— По лесным-то дорогам сгодился бы верховой лось, — вслух размышлял кот, — но в степи лосей нет, оленей постреляли. Будем брать коня, даже двух!

Минул уж лунный месяц с тех пор, как словен оставил Домагощ…

Он собирался было покинуть хлебосольное заведение, но тут приметил упитанного воина, рисующего в воздухе какие-то знаки костью, с остатками мяса на ней.

— Сон меня одолевать стал, как сейчас помню, аж за три версты. Ну, думаю, котище где-то близко. Надел я тогда на голову три шелома, да иду себе, а ноги-то еле волочатся. Где не иду — там ползу вовсе. И снова иду…

— Фарлаф! Да як же ты ползешь, когда у тебя такой курдюк? — потешались над толстяком собутыльники.

— Плохо на пустой желудок ползется! — добавил кто-то из угла корчмы.

— Еще бы! — согласился богатырь, обгладывая индюшачью ногу — Старушонка мне с собой лишь куриные окорочка положила.

— Тяжелы, знать шеломы на пустой-то голове, — донесся тот же голос.

Вокруг заулыбались, хотя и не так уверенно, но Фарлаф в то время вылил в глотку штоф медовухи и пропустил замечание. Язык еще более развязался, и он продолжил героическое повествование с новыми силами:

— Гляжу — столп высокий, а на нем зверь сидит невиданный. Увидал и меня, поганец, да как прыгнет на плечи. Вмиг один колпак разбил, вот и второй — разодрал, уж за третий шелом принялся и совсем было достал.

— Ух!
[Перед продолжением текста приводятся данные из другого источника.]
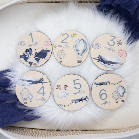 World Map Wood Milestone Cards, Adventure Awaits Nursery Theme T1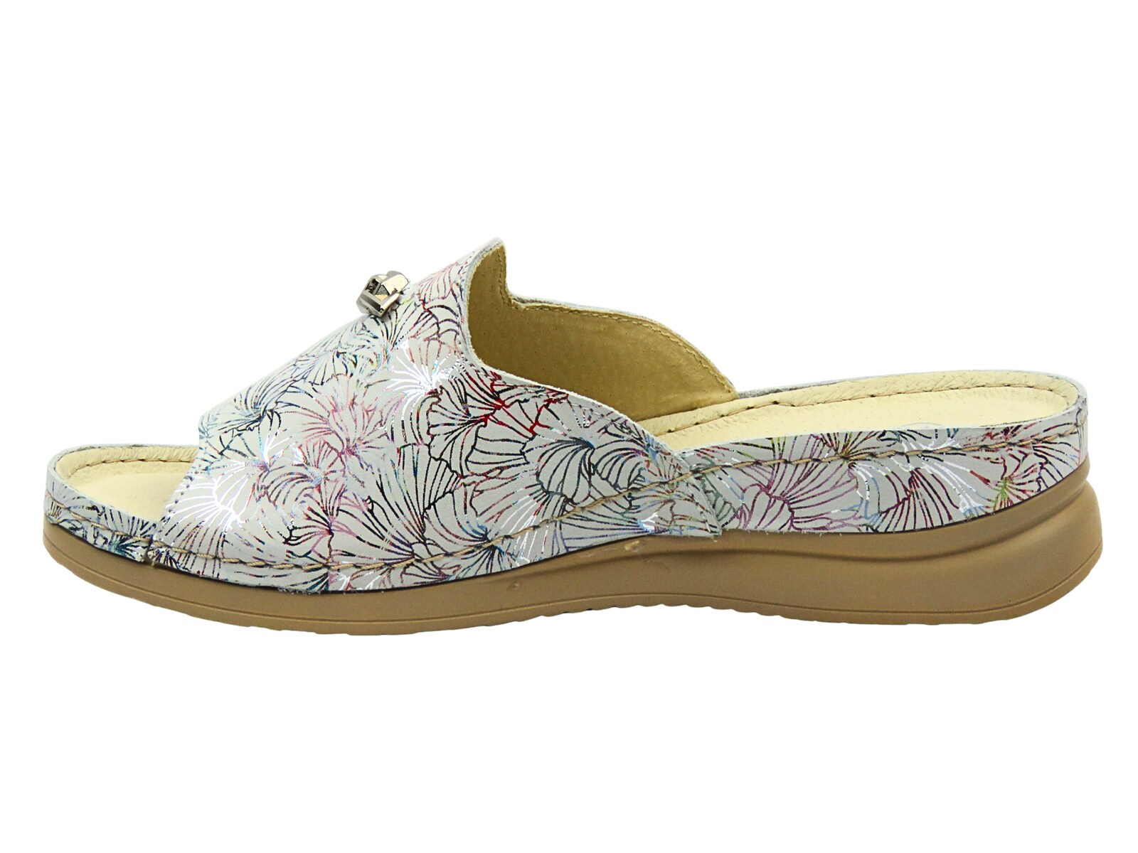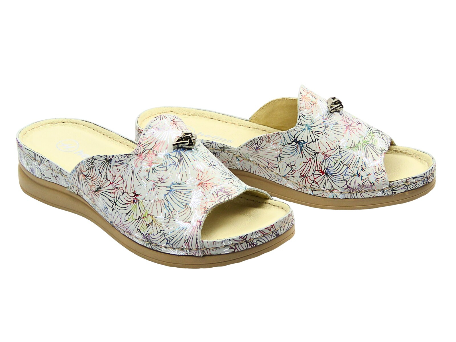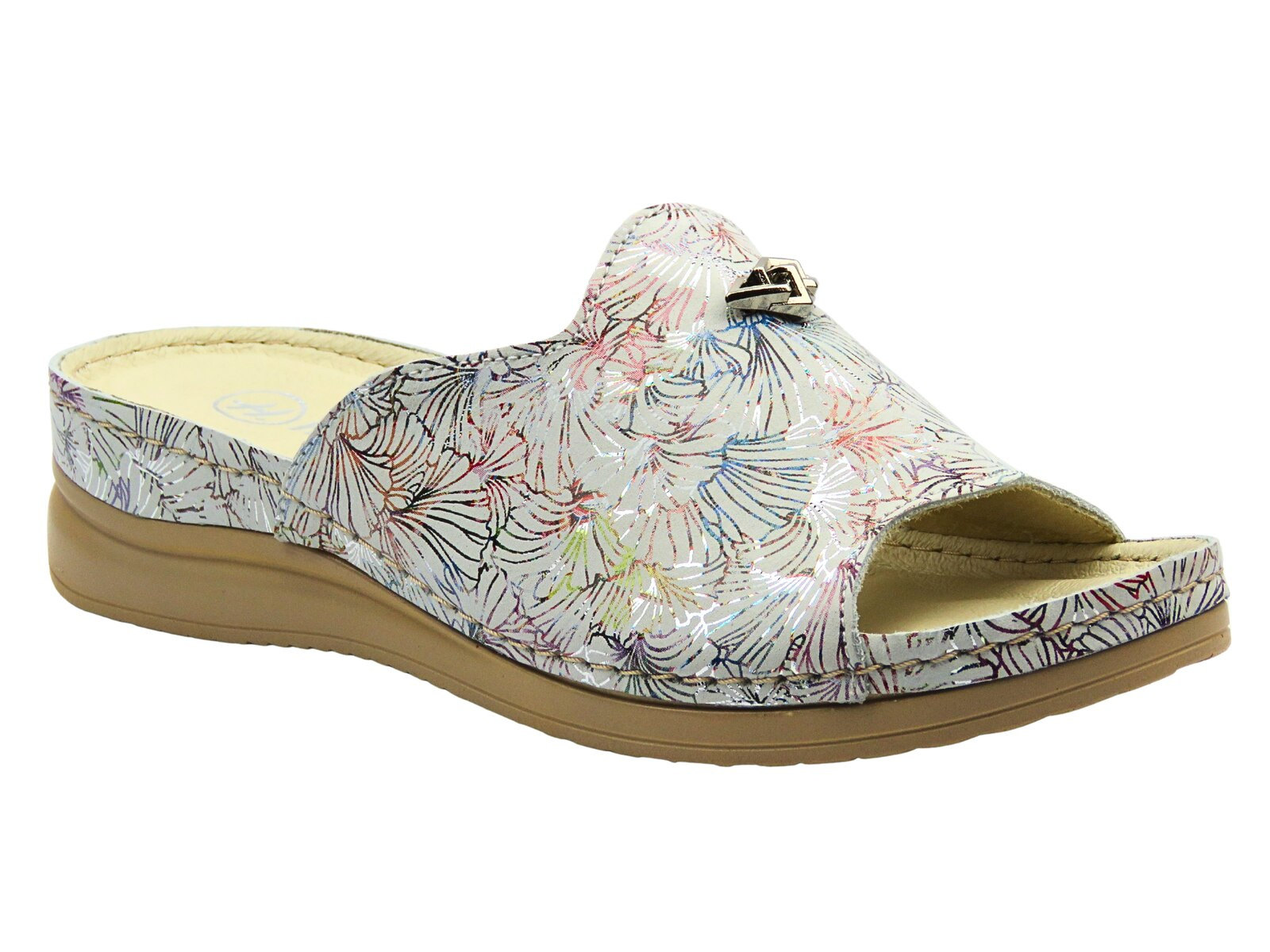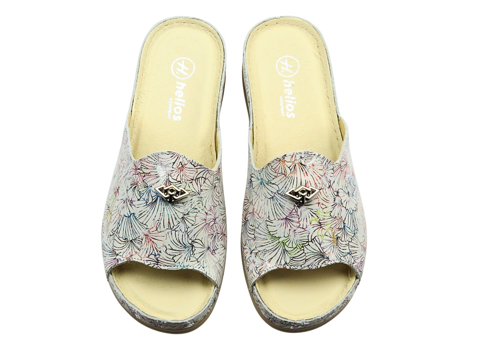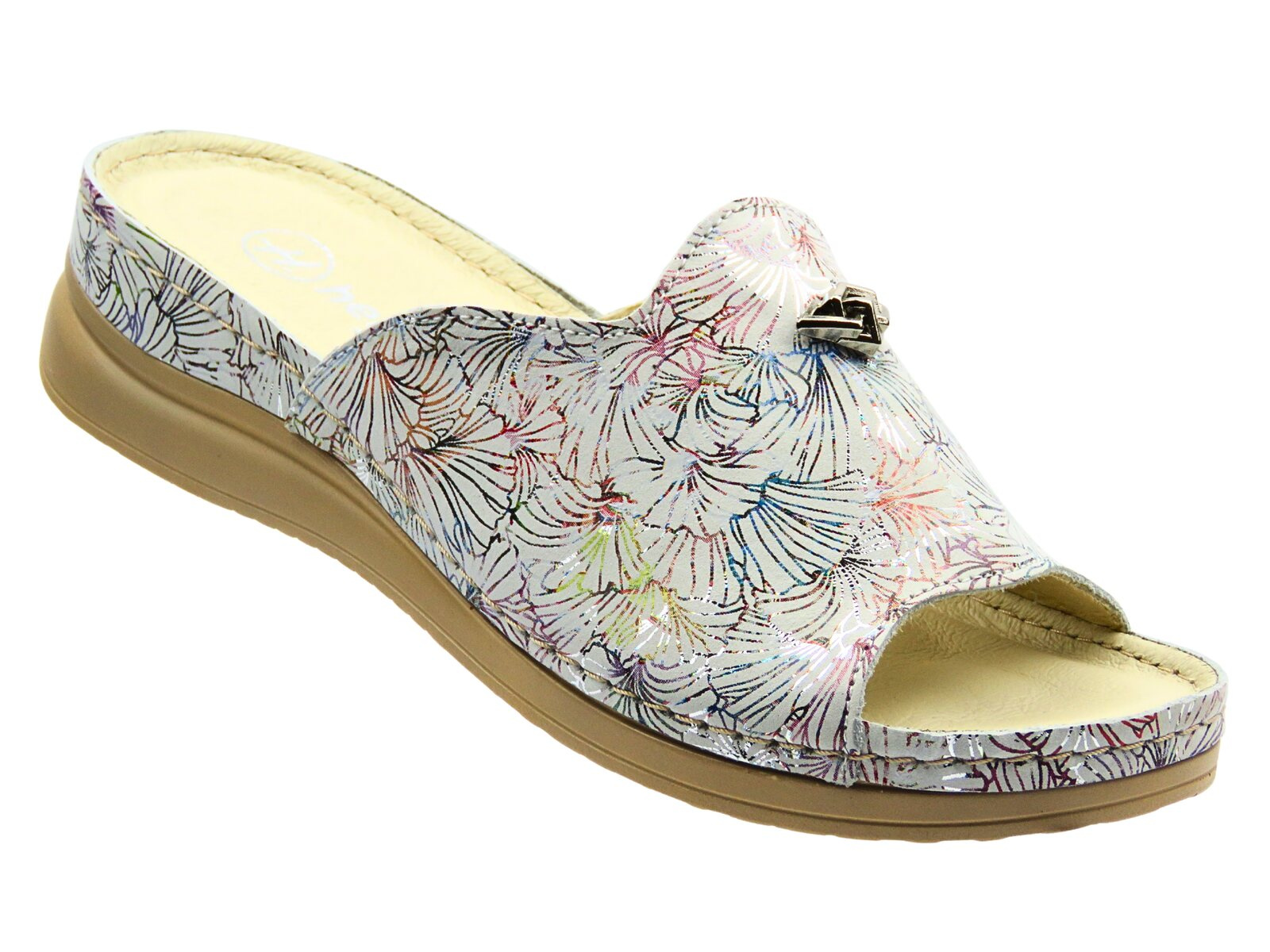 Styl i komfort w codziennym wydaniu – klapki damskie Helios Komfort 141 w kolorze białym z wielobarwnym, kwiatowym wzorem to idealne rozwiązanie dla kobiet, które szukają wygodnego i estetycznego obuwia na lato. Wykonane z naturalnej skóry, zachwycają miękkością i elastycznością, dopasowując się do kształtu stopy i zapewniając uczucie lekkości przez cały dzień.

Ну, а ты-то что? — подначивали богатыря завсягдатаи корчмы.

— А я как скину кота на землю, да как дам ему промеж глаз прутом-то железным.

— Тут из кота и дух вон, — ляпнул кто-то.

— Как же, «дух вон»! Ему этот прут нипочем, сломался прут железный о лоб кошачий.

— Твердолобый, стало быть, кот попался тебе! — опять раздалось из угла.

Это Ругивлад платил Баюну за прежние насмешки.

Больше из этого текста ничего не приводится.